Inevitably the sea-breeze came up and the waves became messier as the day went on, but they held their size. Maybe even got a little bigger. It was a nice day to be at the beach too. Warm Wairarapa summer weather. The clubbies had their flags out, kids were swimming, two lifesavers in an IRB patrolled the beach. And we plowed on with the contest.

By mid-afternoon we were running the long-board ‘final’. Which was, in reality, just a mega-heat for the 6 longboarders who had shown up that morning. I gave them half an hour in the water. They needed it. It was low tide and the paddle out took even the better longboarders 10 minutes slogging out against windblown lines of white water. A couple of them struggled to get out at all. One overweight guy only made it through a triumph of will that should have seen him awarded first prize simply for tenacity.

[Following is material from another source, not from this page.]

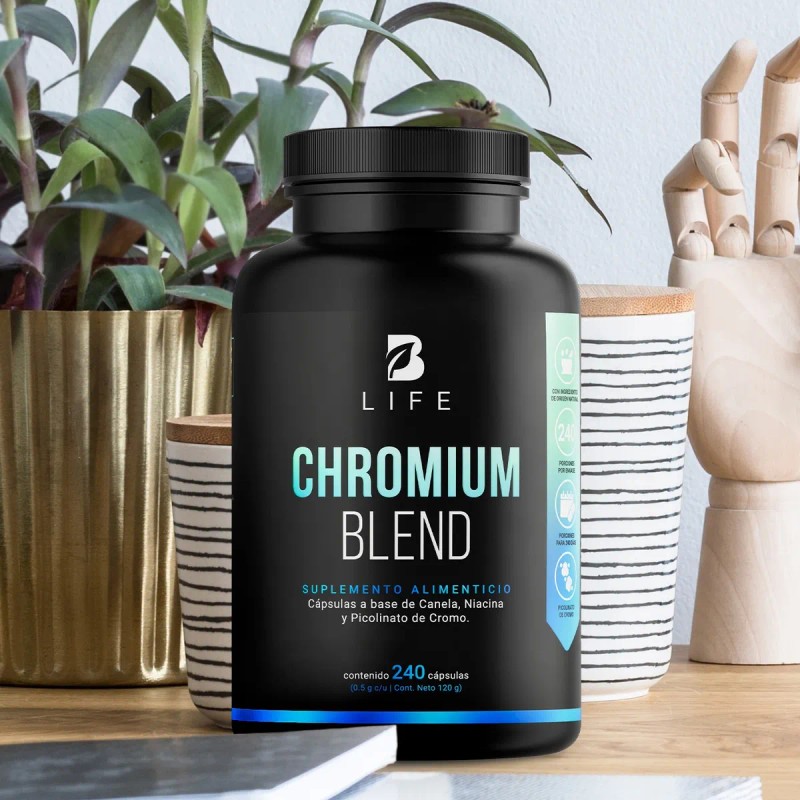 B-Life Chromium Blend te ofrece un potente suplemento de Picolinato de Cromo con 240 cápsulas por envase, ideal para mantener el equilibrio metabólico y apoyar tu estilo de vida saludable.

Anyhow, eventually they all made it out the back and we started the heat. Which was when the head lifesaver came jogging down the beach towards is, beer belly bouncing under his yellow shirt, jandals kicking sand into the wind.

“Hey. You gotta get your surfers out of the water. The guys on the IRB radioed in to say they spotted a shark.”

He then turned on his heels and ran off to help in summoning the teenage swimmers to the beach.

“Shit. What do I do?”

Lars was nonplussed.

“Don’t worry about it. It’s probably just a dogfish. And, anyway, they’re only long boarders.”

The other judges were no more help.

“Uh dunno mate. Up to you.”

Such is the loneliness of leadership.

“Fuck – alright. We gotta get them out of the water. Hey. HHHHEEEEYYY!!!! Come in. COME IN. Shark!”

James started sounding the siren which we used to start and finish heats. And everyone began waving towels and t-shirts.

“Shark! Come in! Shark!”

It took them a while, but eventually the longboarders figured something was up and came crashing in through the white water. Gathering around me. With puffed and puzzled looks on their faces.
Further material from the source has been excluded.